TSegments aligns and displays the segments of similarity found by TWordSearch.


EQuickSearch rapidly identifies places where query sequence(s) occur in a nucleotide sequence database. The output is a file of overlaps that can be displayed with QuickMatch or EQuickShow. You can make up your own sequence database or use GenEMBL, which consists of GenBank and those sequences in EMBL that are not represented in GenBank (or the other way around at some sites).

QuickMatch (+)

QuickMatch displays the overlaps found by EQuickSearch with either optimal alignments or dot-plots. The alignments can be selected by quality to discard poor matches. The dot-plots can be reviewed rapidly with a graphic screen.

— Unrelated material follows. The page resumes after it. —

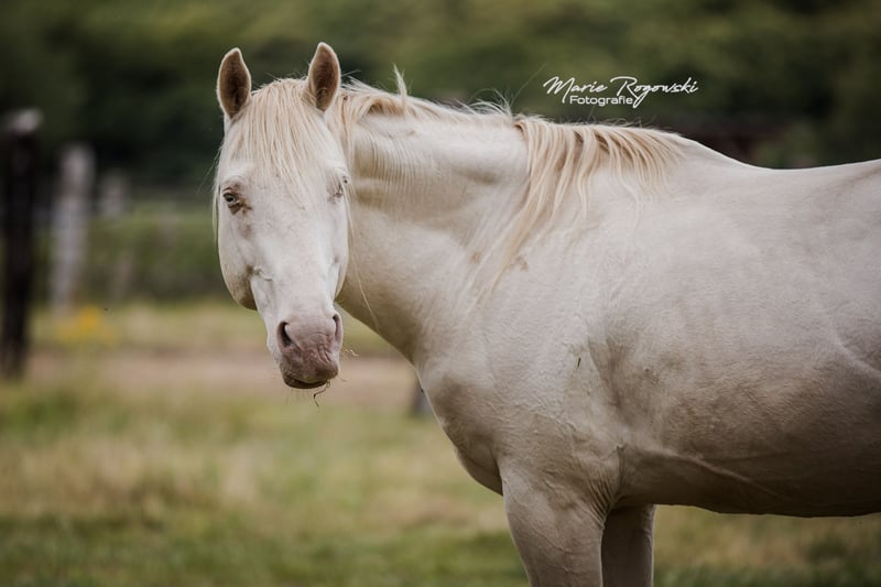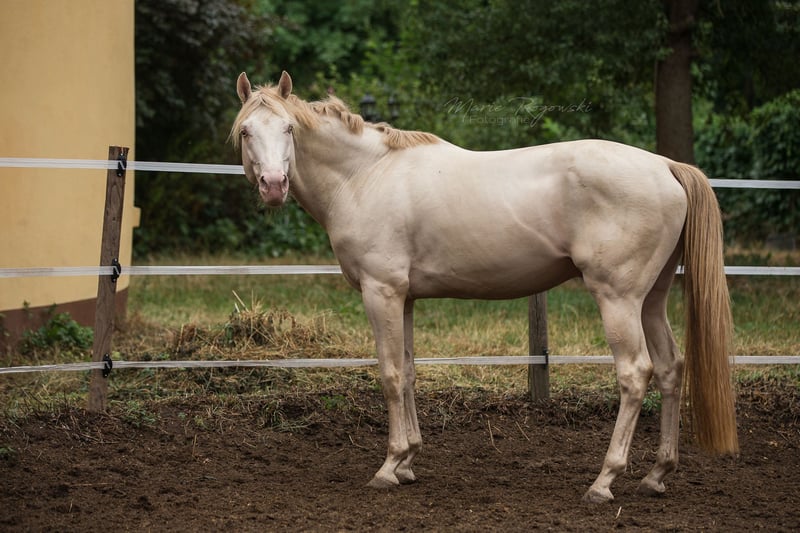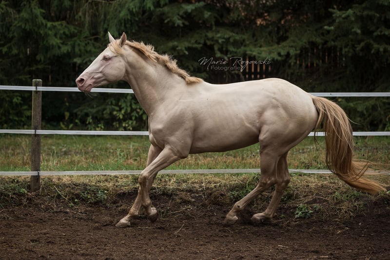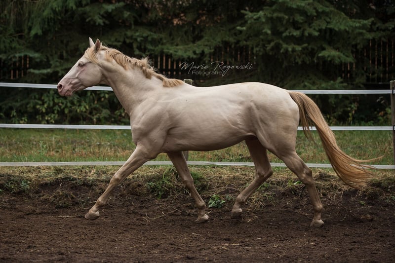 Caballo de pura raza inglesa en Smoky Cream (doble dilución) | nacido en 2010 | 1,60 m | caña 22 cm Inscrito en el Studbook de la Asociación de Cría de Pura Raza Inglesa de Alemania (2011) Reconocido por ECHA-ESV (2012), EASP Países Bajos (2015), ANAA / IFCE Francia (2017/2022), AES (2020), France Galop (2024), Zangersheide Genética: E/e a/a Cr/Cr Testado para WFFS, CA, SCID, PSSM2 – negativo El TCF Palladium xx fue el primer pura raza inglesa Smoky-Cream nacido en el mundo. Proviene de la True Colours Farm en Canadá (cría: Guaranteed Gold xx x yegua de Red Fox Farm) y fue importado a Alemania en 2011. En 2012, obtuvo su primera reconocimiento en la categoría de sementales del Libro I con una nota de tipo de 9,0. Destaca por su estructura correcta, un físico equilibrado y su carácter confiable. Debido a su particularidad genética, es ideal para potenciar líneas de caballos de sangre caliente y de cría mixta, especialmente en la cría de color. Su descendencia está presente en diversos programas de cría en Europa, mostrando un aspecto moderno, armonioso y colorido. Tras un accidente que le causó lesiones en las patas delanteras, Palladium ya no puede trotar con claridad. Sin embargo, no siente dolor y sigue moviéndose con gusto. No hay impedimentos para su uso en la reproducción.
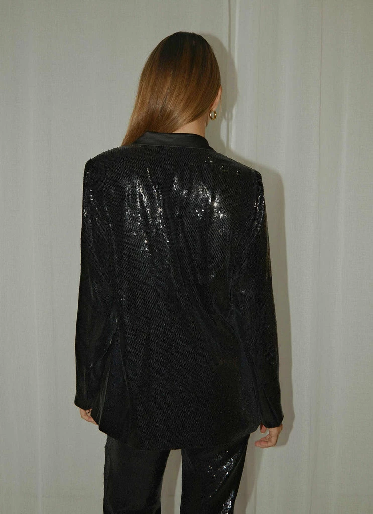 Shimmer and shine in the Prince Sequin Blazer. The perfect statement piece featuring a silky lapel, faux 2 pocket detailing and structured shoulders. Turn up the heat and pair it back with the Prince Sequin Pant.

EQuickIndex builds hash tables from sequence(s) in data libraries, and stores them as map sections. These tables make up the database that is searched by EQuickSearch.


StsSearch looks for primer pairs in a set of sequences.


RFindPatterns identifies sequences that contain short patterns like GAATTC or YRYRYRYR. You can define the patterns ambiguously and allow mismatches. You can provide the patterns in a file or simply type them in from the terminal. The output is a series of files called r1.rfind, r2.rfind, and so on, each containing a single extracted sequence. These can be fed through Pileup or manipulated in other ways.

PatternPlot (+)

PatternPlot produces a graphical representation of the results of GCG's FindPatterns program.